In a nutshell, those were the three top questions for Enolytics that came from those of you who tuned into last week's webinar we did in partnership with colleagues at WineDirect and Sovos ShipCompliant.

Let me bottom line our responses below. The complete blog post, along with a link to the full recording of the webinar, will be available shortly.

In the meantime, please have a look at answers to three of your most pressing post-pandemic DTC questions, and thank you as always for reading.

Stay safe, and naturally be in touch with any ideas or feedback —

Cathy

Q&A from the Webinar on Post-Pandemic Planning for DTC

How are you cataloging risk?

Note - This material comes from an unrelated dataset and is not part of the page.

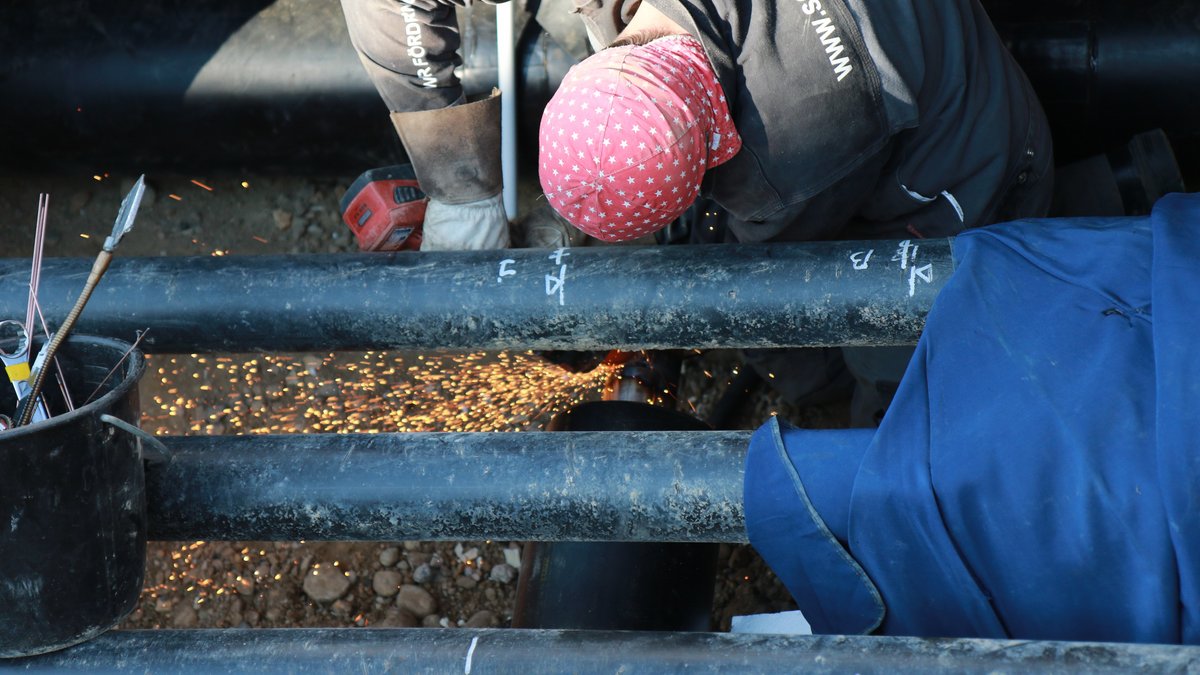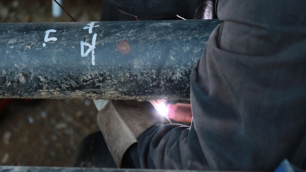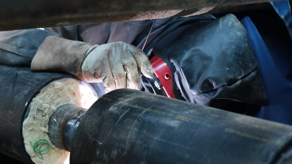 Auf den Bildern ist zu sehen, wie die Fernwärmeleitungen direkt in der Baugrube millimetergenau zusammengeschweisst werden. Vor dem Zuschütten der Gruben wird jede Schweissnaht nicht nur optisch geprüft, sondern zusätzlich geröngt. Denn: Versorgungssicherheit ist kein Zufall.

What variables go into a high or very high risk for leaving vs. low? Is it solely previous purchase history?

To catalogue risk, we create cohorts and analyze their behavior. By “cohort” we mean a group of people with similarities, such as females in a particular wine club who have been members for a certain number of months. This is the “pre-marketing” segmentation that lays the groundwork (and adds real-life teeth) to the kind of personas that Adrienne Stillman from WineDirect referenced in the webinar, in terms of targeted marketing outreach and creative communications.

The next step is to ask, what is the likelihood of that cohort leaving the club at this period of time? Every cohort has a risk profile, that our algorithms define based on variables (churn rate being one of them) on a month-by-month basis.

What are the metrics we should be looking at to recognize at-risk customers?

See response above regarding cohorts. An additional variable worth considering is personal purchase history.

This gets “in the weeds” from a technical perspective. The algorithms we’ve developed are beyond the capabilities of Excel and are in the realm of artificial intelligence, but let me share an example.

When a customer's purchase history aligns very closely with the more general cohort's purchasing history, we find that those customers are at greater risk. When customers deviate from the cohort and purchase outside the wine club (through telemarketing and website channels, for example), we find that those customers are at less risk.

Great info, but building unique profiles and sorting by bad data, segmenting by generation or gender etc. seems to be dependent on extensive manual database entry (at least for us as our reports are unable to automatically pull those fields). Any thoughts on to streamlining the process?

You might be surprised at how much we can do with relatively limited fields of data. Birthdate, for example, is critical in order to identify generational differences. We use first name to determine gender with a high mathematical probability. A third example is contact information like email or phone, and also the zip code or street address where you ship the order.

These three pieces of data (birthdate, first name and zip code) are the basis of Enolytics Lite, which we created as an “emergency kit” during COVID-19. You can also see it as “streamlined” analysis of data that you are very likely to already have.

Birthdate, first name and zip code are the three most essential pieces of information you want to be sure are in your database, because that enables segmentation by generation, gender and geography. Email address and phone number are also very important in order to enable targeted campaigns via email (which drives traffic to your website) or telemarketing.